She'll need to deal with Ren. Probably this means killing her now while she's weakened. It would certainly be advantageous to have a force user in her arsenal in the future, but Hux isn't sure if the time and effort required to coax Ren's attention-starved loyalty away from Snoke would be worth the gain.

Ren is still in Medical, and the staff shrink out of her way as she crosses to the private room where she's being kept. They look frightened. She'll need to smooth that over, later -- fear does not breed the sort of long-term loyalty she aims to command -- but for now she's too focused on her goal. Now that she's made her choice, it's as if all the tension of the last four years has fallen out of her shoulders. She feels lightheaded and energized, close to the feeling of giving a deeply passionate speech, and her heart is beating so hard she can feel it in her throat.

Ren is awake.

"Inconvenient," says Hux.

"I killed my father," says Ren. Hux imagines gently banging her forehead against the wall.
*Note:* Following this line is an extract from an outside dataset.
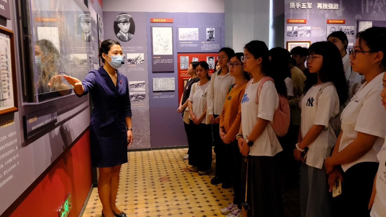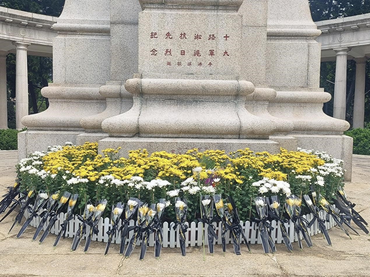 在十九路军淞沪抗日将士陵园讲解员的带领下,党支部书记朱砂、党员和积极分子们一同参观陵园内的先烈纪念馆,重温先烈们的光辉形象和伟大贡献。参观环节过后,全体师生移步至先烈纪念碑前,庄重举行了默哀献花仪式。在十九路军淞沪抗日将士陵园那肃穆而神圣的氛围中,大家列队肃立,深鞠躬礼,井然有序地将手中洁白的菊花献予长眠于此的英魂,无声地表达了对先烈们无比沉痛的哀思和无上崇敬之情。随后,全体师生前往参观抗日亭,员工代表蒋惠文、陈璇、温紫霞在抗日亭内发表演讲。最后,全体师生一同前往观赏浮雕墙,感受浮雕艺术所再现的激烈悲壮的战争场景。

"Of course you did," Hux says, resignedly. Ren's head lolls to the side so Hux can see her face, dark hair falling in greasy tangles across the pillow. Most of her body is covered in bandages and hooked up to machines. She should be in a fucking bacta tank, but Hux isn't going to say anything. Let Ren suffer if it's what she wants.

Hux has often wanted to find the person(s) who taught Ren that the only acceptable emotion to express is anger and present them with the bill for the last two years of equipment lost to Ren’s tantrums. Now, looking into Ren's eyes, too wide, too young, and too glassy with tears and shock, she takes it back. Ren looks devastated, and Hux cannot imagine the drama and headaches that will result.
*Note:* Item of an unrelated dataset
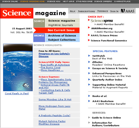 | Электронная версия журнала «Science». Еженедельный научный журнал публикует результаты научных исследований и обзорные статьи в области естественных наук (экологии, физике, молекулярной биологии, науке и политике, биохимии, химии), техники, экономики, медицины, образования. Здесь помещаются сообщения о конференциях, обзоры новых книг, информация о новом лабораторном оборудовании и приборах. Электронная версия журнала значительно расширяет поисковые возможности, позволяя вести поиск по ключевым словам, авторам, названию статьи, дате публикации и т. д. Многие статьи включают специальные on-line компоненты: приложения, аудио и видео материалы. | |||

"He said it would make me stronger," Ren says. Hux runs her gaze, pointedly, over Ren's current state of convalescence. Ren tries to curl in on herself but stops with a gasp of pain.

"Could you, perhaps, have emotions about this later?" Hux asks. Preferably once you're dead, she doesn't say.
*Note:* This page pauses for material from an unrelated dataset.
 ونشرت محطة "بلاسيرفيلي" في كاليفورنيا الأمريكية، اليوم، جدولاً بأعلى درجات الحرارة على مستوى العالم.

"Passion gives me strength," Ren snarls. "My emotions bring me closer to the Dark."

Hux, who has, all things considered, been very tolerant of everyone's insistence that a universal energy field possesses an arbitrary set of morals, does not break Ren's jaw.

"Perhaps if I were to kill my mother," says Ren, like a child bargaining for a later bed time.

Hux leaves.

Before the door can slide all the way shut, Ren calls out. "General." Her voice isn't nearly as loud without the helmet, and it cracks half way through the word. Hux is embarrassed for her.

"Yes?"

"It won't work."

Hux should leave. There are, very literally, fifty things she could be doing with her time more valuable than playing guessing games with this overgrown child.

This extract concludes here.